(Supplied information begins)

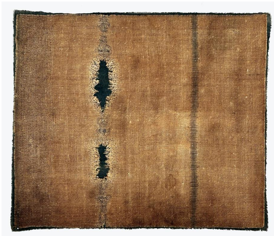
'The Land, The Lochs, The Rivers and the Shore', 85 x 72cm

I gave it a title as I worked; 'The Land, the Lochs, the Rivers and the Shore'. If you've never visited Scotland you may not get the content behind the work but that doesn't matter to me. But maybe, in your mind, you'll be able to imagine it.
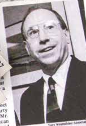
Gerry Studds in 1995.

(Supplied information ends)

**Work required**.
Pick out the lines above containing the word "Lochs", then copy them.

**Written solution**.
'The Land, The Lochs, The Rivers and the Shore', 85 x 72cm
I gave it a title as I worked; 'The Land, the Lochs, the Rivers and the Shore'. If you've never visited Scotland you may not get the content behind the work but that doesn't matter to me. But maybe, in your mind, you'll be able to imagine it.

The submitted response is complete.